Leading the six-month mission was 43-year-old Ye Guangfu, who last went to Tiangong, or "Heavenly Palace" in Chinese, in October 2021 in China's second crewed mission to the station.

Accompanying him this time were Li Cong, 34, and Li Guangsu, 36, both in space for the first time and hailing from the latest batch of astronauts on China's spaceflight programme.

The three men were all former air force pilots.

Completed in late 2022, Tiangong can house a maximum of three astronauts for months at an orbital altitude of up to 450 km (280 miles). It has a designed operational lifespan of at least 15 years.

China has been launching two crewed missions to Tiangong per year since 2021 when construction of the outpost began, with the Shenzhou-18 being the seventh.

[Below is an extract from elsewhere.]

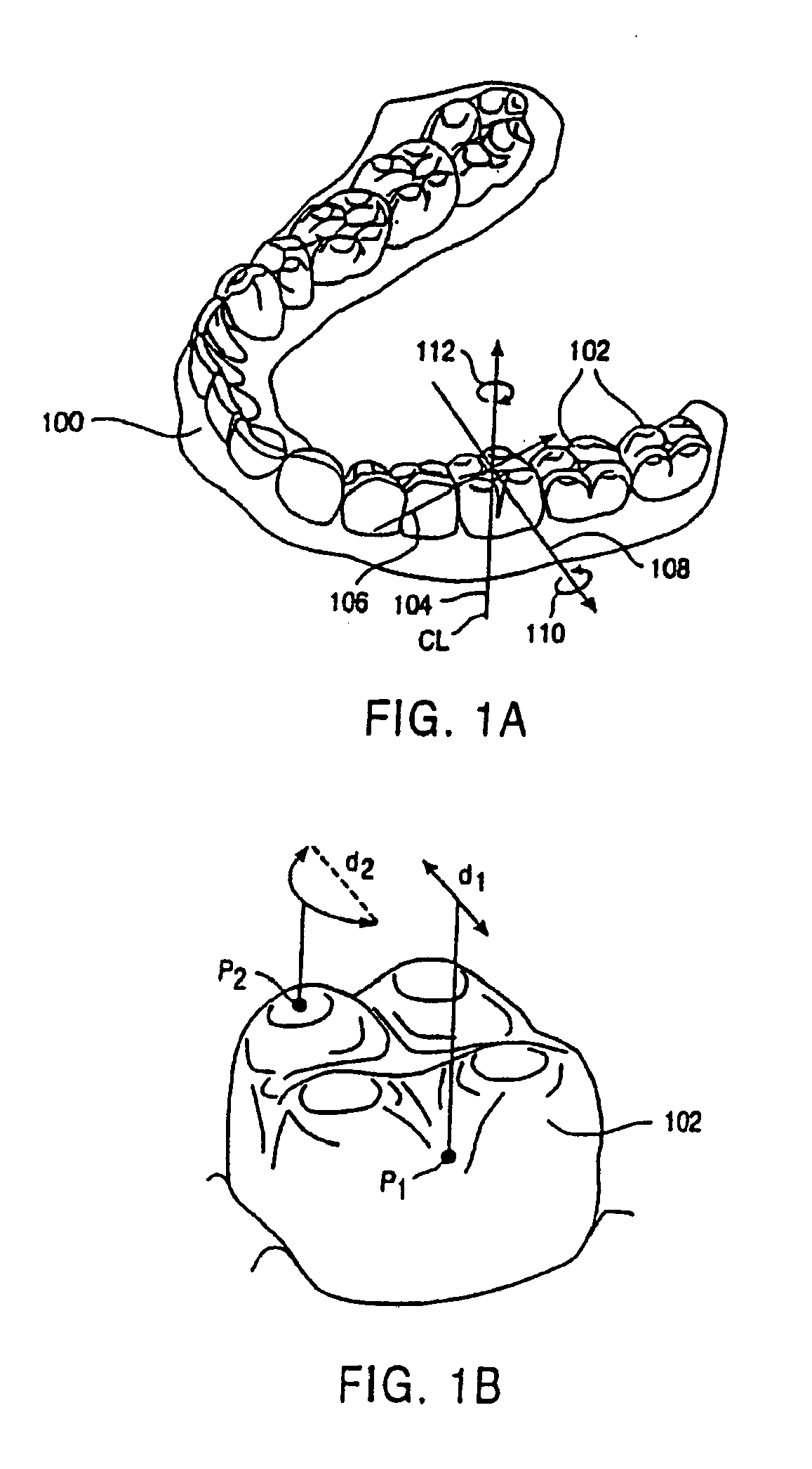 - one or more intermediate appliances having geometries selected to progressively reposition the teeth from the first intermediate arrangement to successive intermediate arrangements; and a final appliance having a geometry selected to progressively reposition the teeth from the last intermediate arrangement to the final tooth arrangement.

Each crew has stayed for around six months, conducting space walks as well as scientific experiments inside the station's low-gravity environment.

Tiangong has become an emblem of China's confidence in its space endeavours after being shut out of the NASA-led International Space Station for decades. China is banned by U.S. law from any collaboration, direct or indirect, with NASA.

Shenzhou-18 marks China's 13th crewed mission to space since Yang Liwei's solo spaceflight in October 2003. Yang was the first Chinese national ever to reach space.